United States Air Force Captain (Ret) Ed Lawton lost his long battle with cancer Monday, August 6, 2012, and it is breaking my heart.
The vast majority of you who will read this have no idea who Ed Lawton was, but I’m going to tell you who he was to me.
It’s been so long that I don’t recall all of the specific dates and lengths of time, but I remember Ed and who he was for me and the role he played in my life during a very violent and dangerous tour of duty with the United States Air Force Office of Special Investigations.
I arrived in the Republic of the Philippines in June 1987 as a young Non Commissioned Officer in-Charge of Air Force Office of Special Investigations District 42 Tactical Counterintelligence Collections and my world soon went to hell in a hand basket, as they say.
In August 1987 we had what was at that time the bloodiest coup attempt in the history of the Philippines and it was our job to cover and report on it. It was like watching a war movie without the benefit of a movie theater or television.
In late October 1987 the New Peoples’ Army (NPA) Communist insurgents carried out their first attacks against U.S. personnel in they’re just over ten year history and it was a coordinated attack at 5 locations around Clark Air Base. That’s the day my life changed forever.
As the next few months passed I argued with District 42 and AFOSI leadership to expand our office from one OIC, an NCOIC (me) and collector to a six or eight man office in order to more effectively cover two-thirds of the island of Luzon and five U.S. military facilities in our AOR.
In 1988 that dream happened and Captain Ed Lawton, prior enlisted, became our OIC.
During the next year we experienced more terrorist killings, untold threats, somewhat dangerous missions and worse. As the NCOIC I broke a few rules in order to get the information needed to protect U.S. military resources and personnel.
I violated U.S. federal law, Air Force regulations, AFOSI regulations and the Status of Forces Agreement between the U.S. and the Republic of the Philippines. I argued with junior and senior officers from general on down including Captain Lawton.
Just about any other officer would have had me courts-martialed or Article 15’d, but through it all Captain Lawton had my back and protected me from physical and career harm. I remember one night when I was having a particularly difficult time that Ed actually came to my house and slept on my couch just to keep an eye on me and support me.
In time, we were the best tactical counterintelligence collections shop not just in the Philippines, but in the world and that included the CIA, NCIS, NSA and everyone else. We had more collections items and a higher accuracy rate than anyone. That’s important because before that Congress and the Secretary of the Air Force was considering taking away AFOSI’s tactical counterintelligence mission completely and had openly made that threat, as I understand it and was told.
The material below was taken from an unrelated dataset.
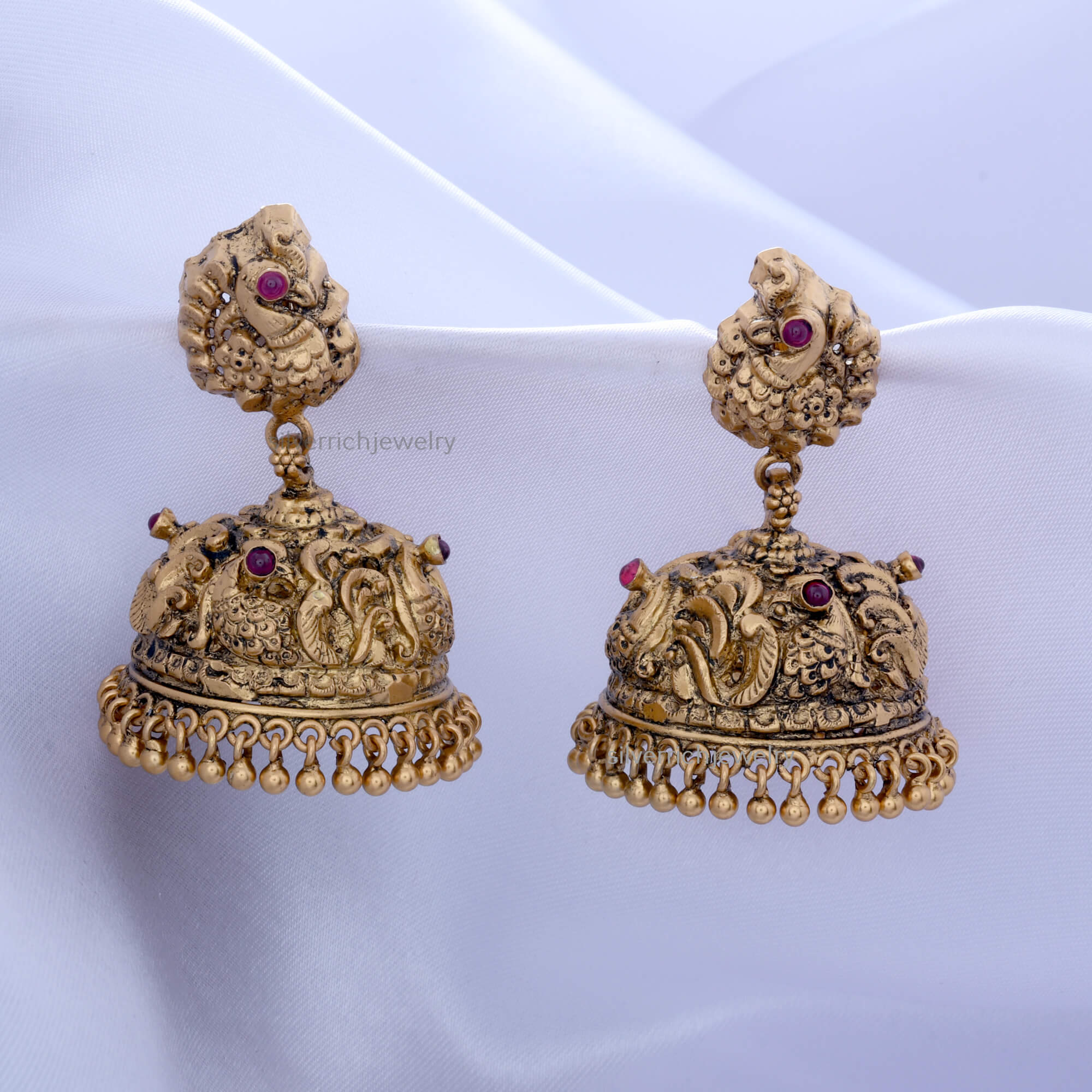 92.5 Silver gold plated jhumka with semi precious stones

Ed used to call me in his office and talk about how he didn’t get along with the other officers because he was prior enlisted. We had several officers in the organization that were ring-knockers (Air Force Academy graduates) and some career officers from ROTC – but he was like Rudolph the Red Nosed Reindeer and not allowed to play in any officer games. He was no longer an NCO and “not really an officer.”
He confided in me and I confided in him. As his NCOIC I used to go into his office and close the door. I sat down and told him how he was killing us with his micro management. He’d agree and confess his sins and promise to do better, but it was shortly business as usual.
He told me once that he micro managed because he knew how dangerous our jobs were and he just worried about us. With anyone else I’d have thought they were blowing smoke up my ass but with Ed I believed it. He always had our backs – literally and figuratively.
Sometime after I left the Philippines in 1990 Ed began experiencing medical problems. Eventually he was diagnosed with some type of cancer – I don’t know all of the details – and was evacuated back to the States for several surgeries. The surgeries left a gaping hole in his back that would not heal and for the longest time his wife had to change his dressings daily and irrigate the wound.
Ed was in a wheel chair, from what I understand, for the rest of his life, as it turns out, but still found a way to work as a switchboard operator at the White House every Wednesday. He sent news items out to all of us over the years and never stopped fighting for veterans.
I didn’t receive regular emails from Ed, but just every couple of months. I received my last one about two months ago and it was about Veteran’s healthcare and said nothing about his condition worsening.
Today I opened an email from a mutual friend who served in the Philippines with us and learned that Ed lost his battle with cancer Monday.
I have a hole in my heart for this great man, great military officer and great friend. I pray, although I already know the answer, that God will accept and keep Air Force Captain (Ret) Ed Lawton in his loving bosom and bestow his many blessings upon Ed and his family.
Goodbye, Ed, and thank you for helping me through the toughest time in my life. I hope that if I have any struggles in my life even close to what you have endured that I handle them with the grace and style you displayed for us all.